Records provided section start

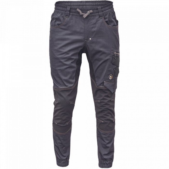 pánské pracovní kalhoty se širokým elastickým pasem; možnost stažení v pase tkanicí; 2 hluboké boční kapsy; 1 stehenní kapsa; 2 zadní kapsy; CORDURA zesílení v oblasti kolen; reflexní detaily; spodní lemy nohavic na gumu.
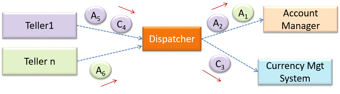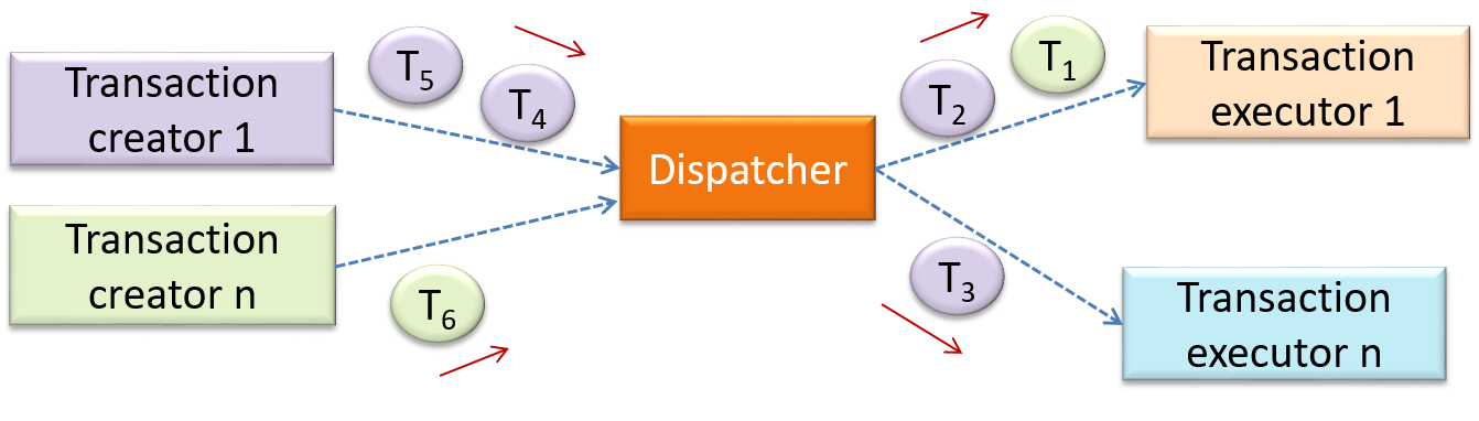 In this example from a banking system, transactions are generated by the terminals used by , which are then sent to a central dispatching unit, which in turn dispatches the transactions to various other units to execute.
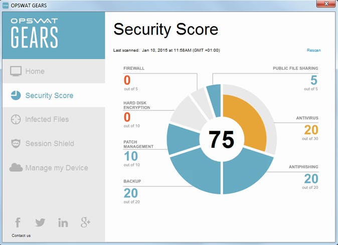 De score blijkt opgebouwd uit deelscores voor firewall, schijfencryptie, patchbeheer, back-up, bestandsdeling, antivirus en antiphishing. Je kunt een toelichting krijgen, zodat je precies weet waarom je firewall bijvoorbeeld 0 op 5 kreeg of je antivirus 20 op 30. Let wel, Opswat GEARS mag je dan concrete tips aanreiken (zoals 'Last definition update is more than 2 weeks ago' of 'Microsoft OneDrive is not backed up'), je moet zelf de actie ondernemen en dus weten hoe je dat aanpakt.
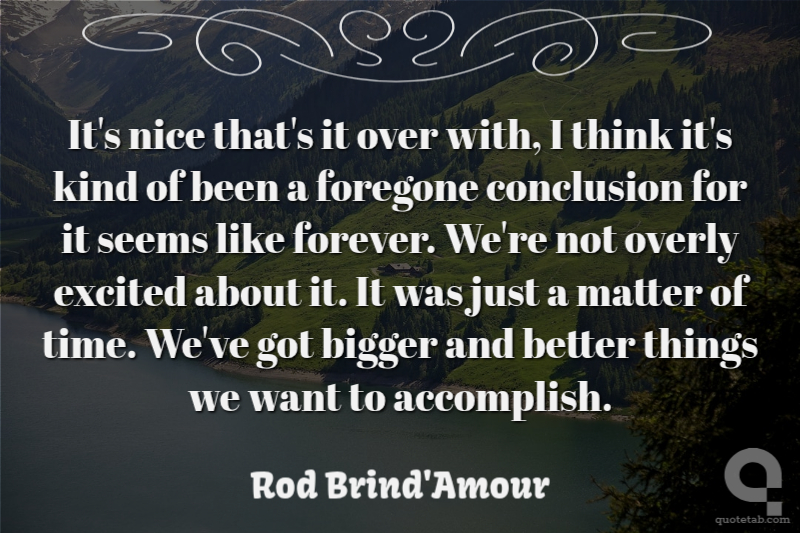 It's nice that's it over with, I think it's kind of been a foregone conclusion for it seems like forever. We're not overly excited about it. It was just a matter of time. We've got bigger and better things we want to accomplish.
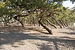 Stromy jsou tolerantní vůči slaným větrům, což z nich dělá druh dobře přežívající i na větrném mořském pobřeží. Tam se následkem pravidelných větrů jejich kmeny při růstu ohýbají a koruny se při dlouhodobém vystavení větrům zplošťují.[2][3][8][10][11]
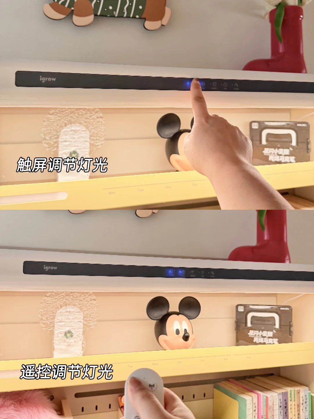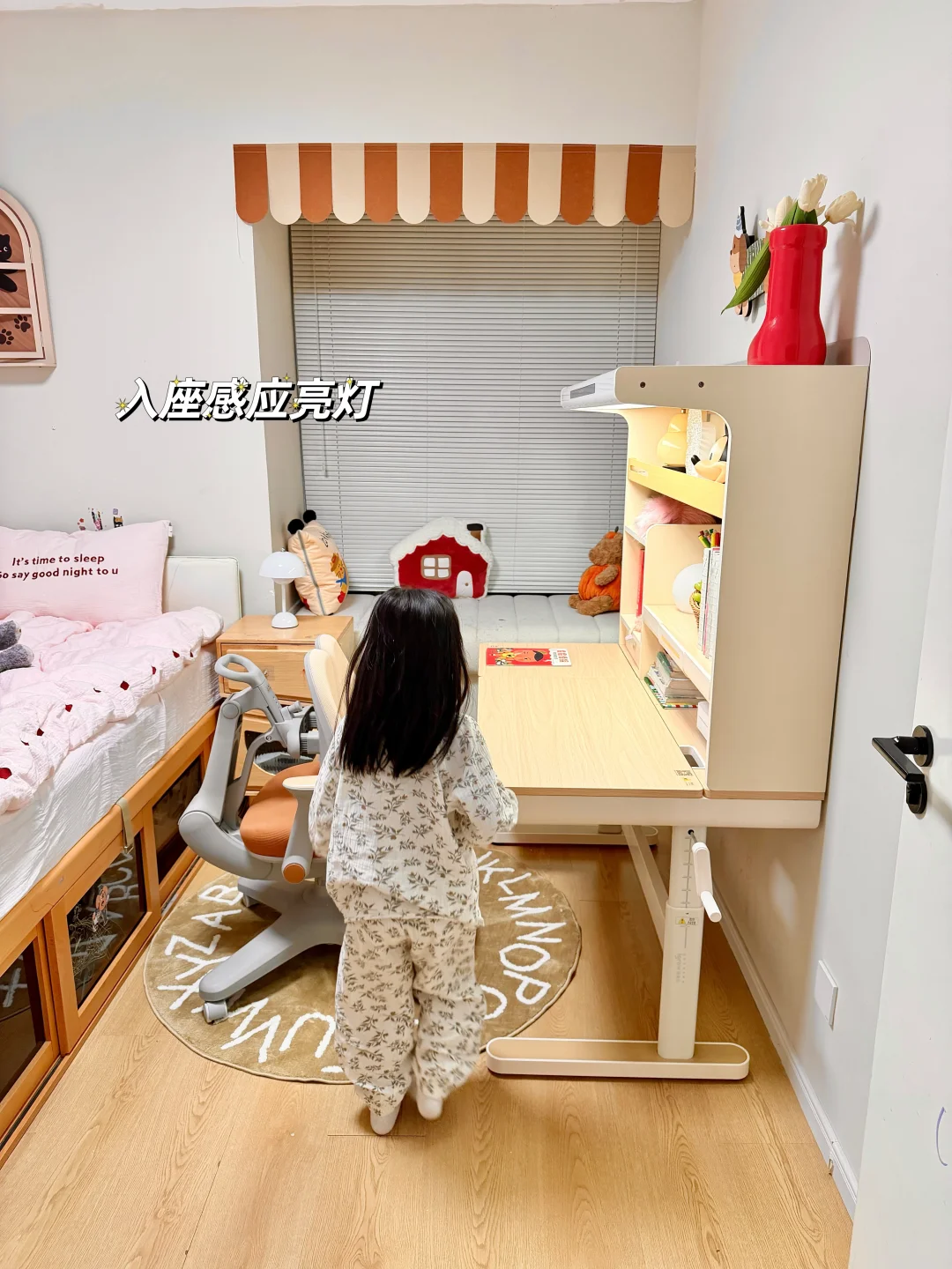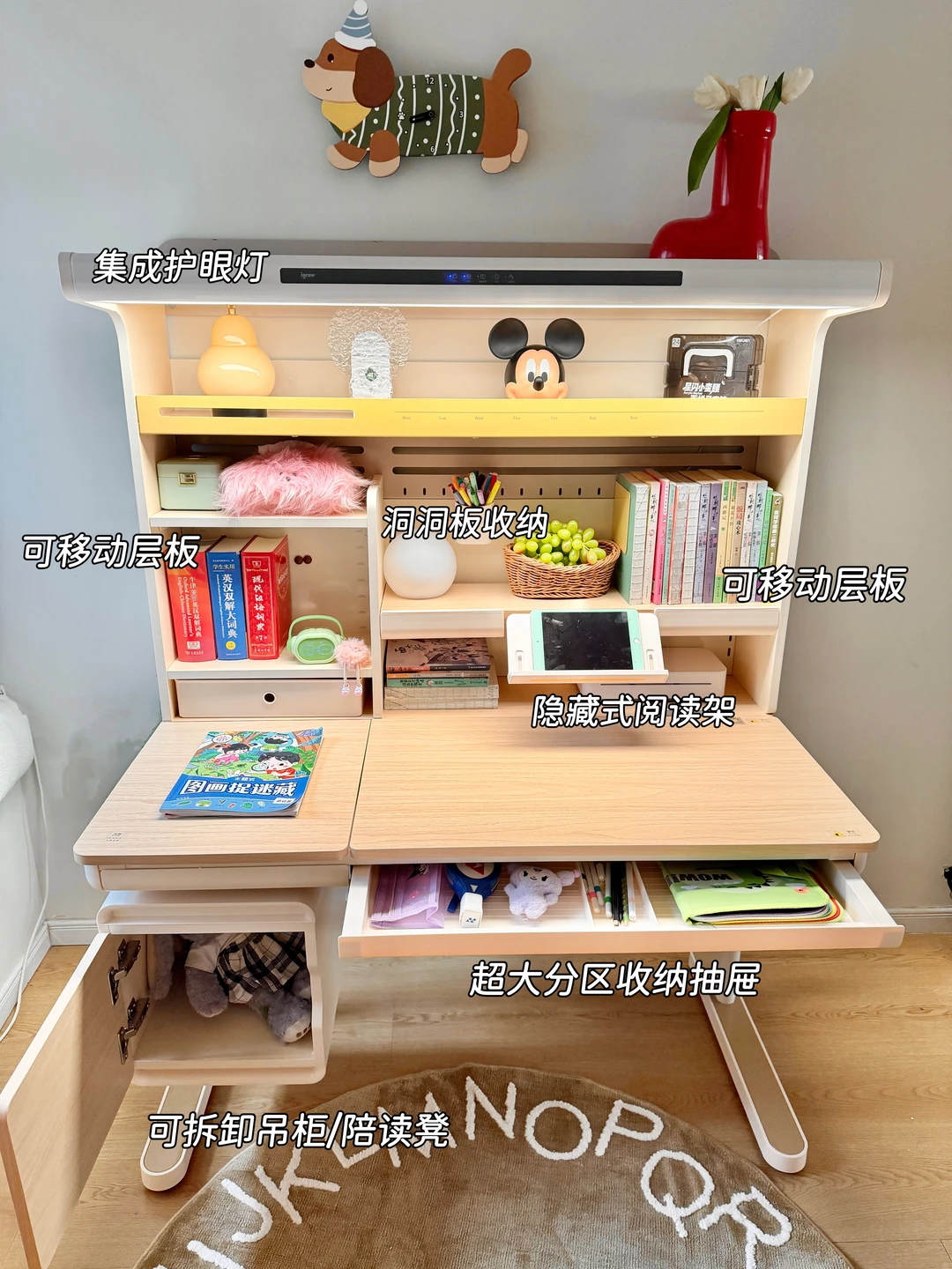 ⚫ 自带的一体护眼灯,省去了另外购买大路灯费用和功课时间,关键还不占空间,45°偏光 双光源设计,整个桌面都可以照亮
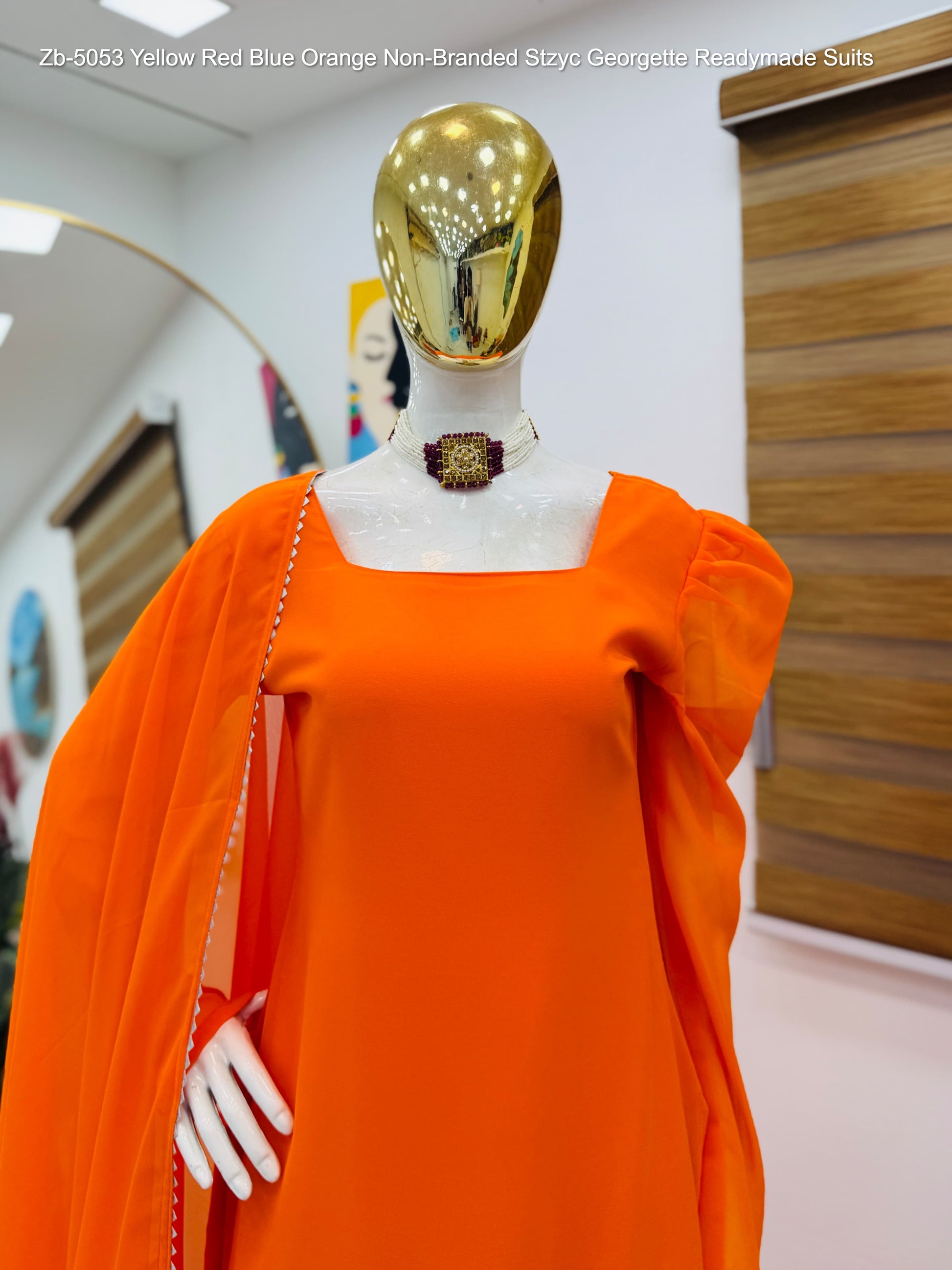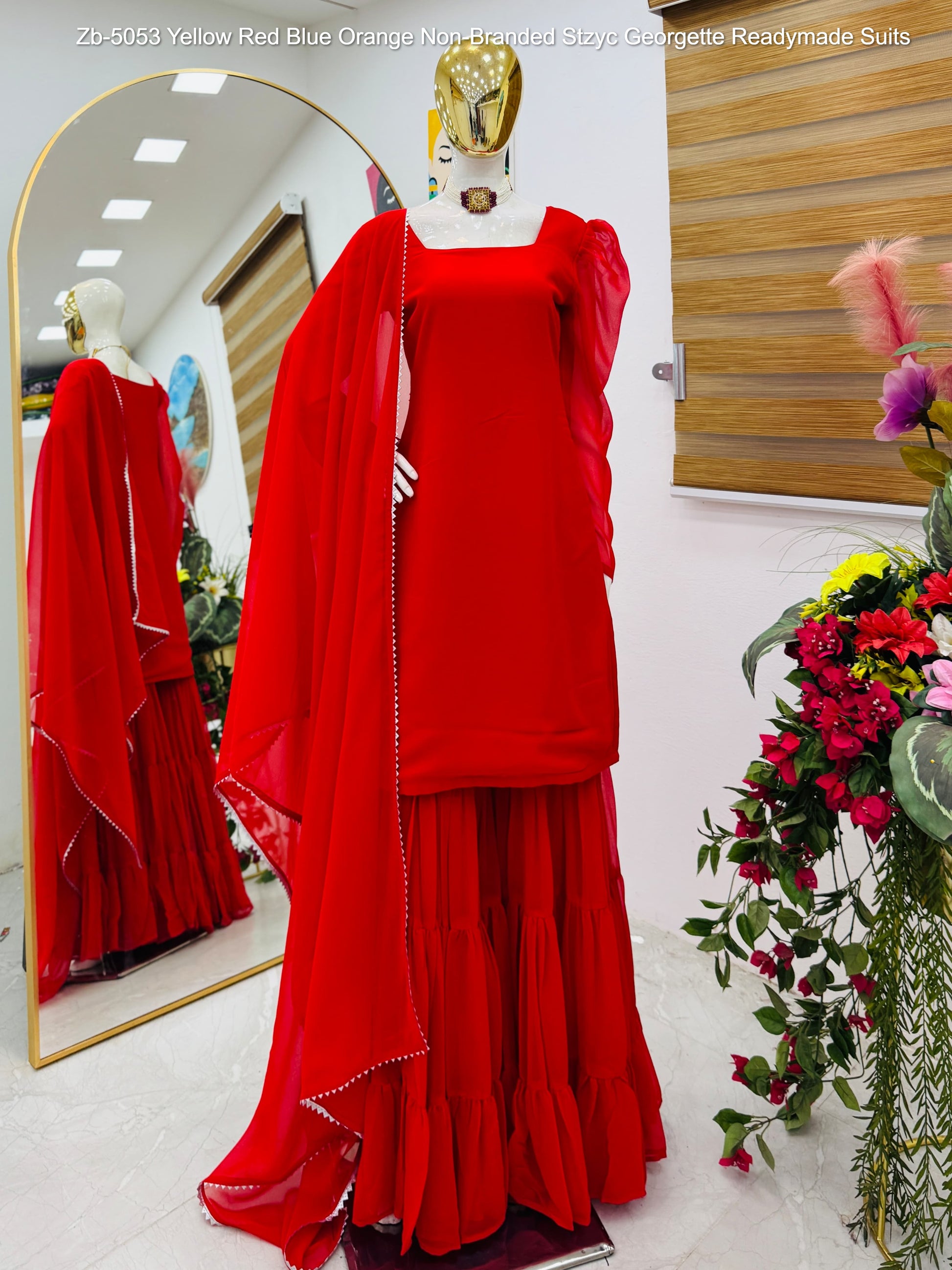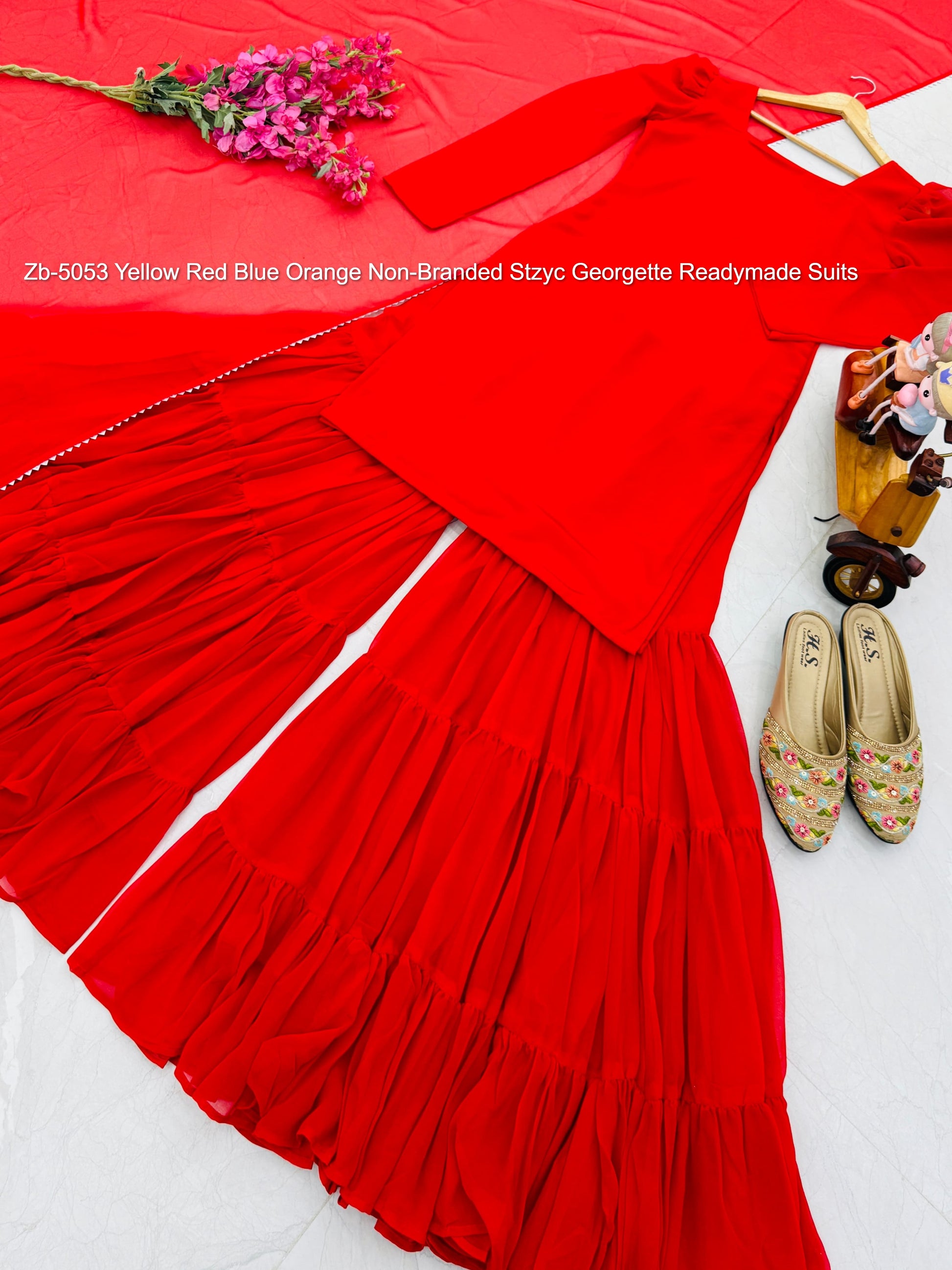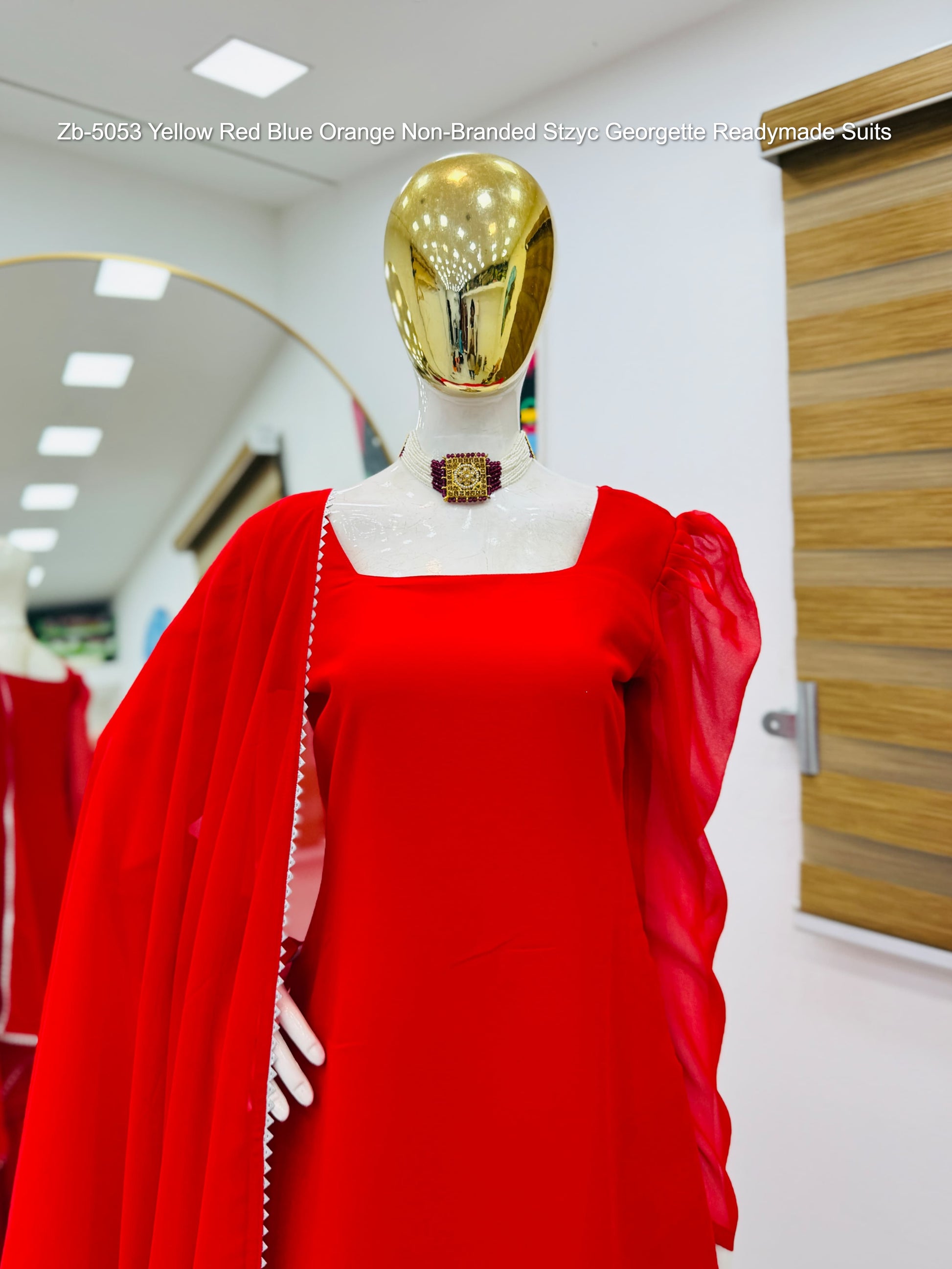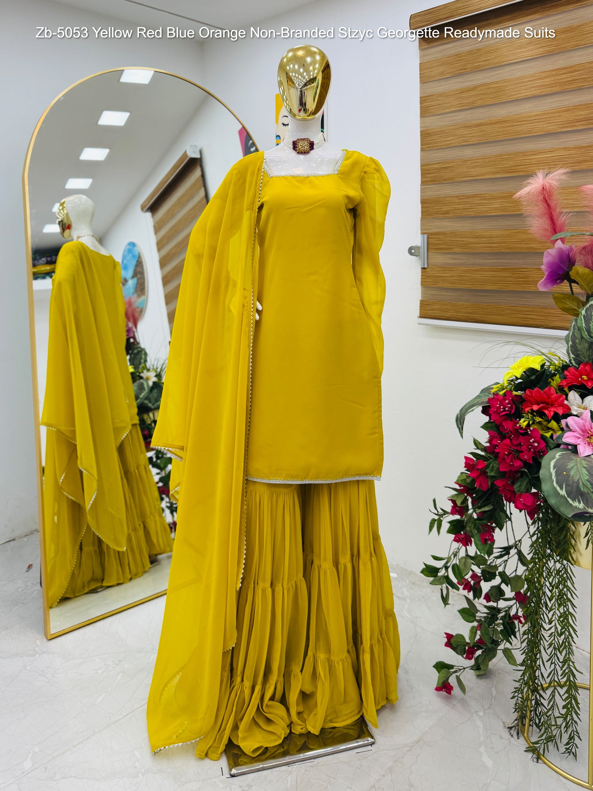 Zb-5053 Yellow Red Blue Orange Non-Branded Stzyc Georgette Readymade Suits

Records provided section end

*What is being asked*
Reproduce, exactly and with no pictures, the lines from the line containing "Stromy jsou tolerantní" through the closing line of the data above, keeping both ends.

*Answer for the task*
 Stromy jsou tolerantní vůči slaným větrům, což z nich dělá druh dobře přežívající i na větrném mořském pobřeží. Tam se následkem pravidelných větrů jejich kmeny při růstu ohýbají a koruny se při dlouhodobém vystavení větrům zplošťují.[2][3][8][10][11]
 ⚫ 自带的一体护眼灯,省去了另外购买大路灯费用和功课时间,关键还不占空间,45°偏光 双光源设计,整个桌面都可以照亮
 Zb-5053 Yellow Red Blue Orange Non-Branded Stzyc Georgette Readymade Suits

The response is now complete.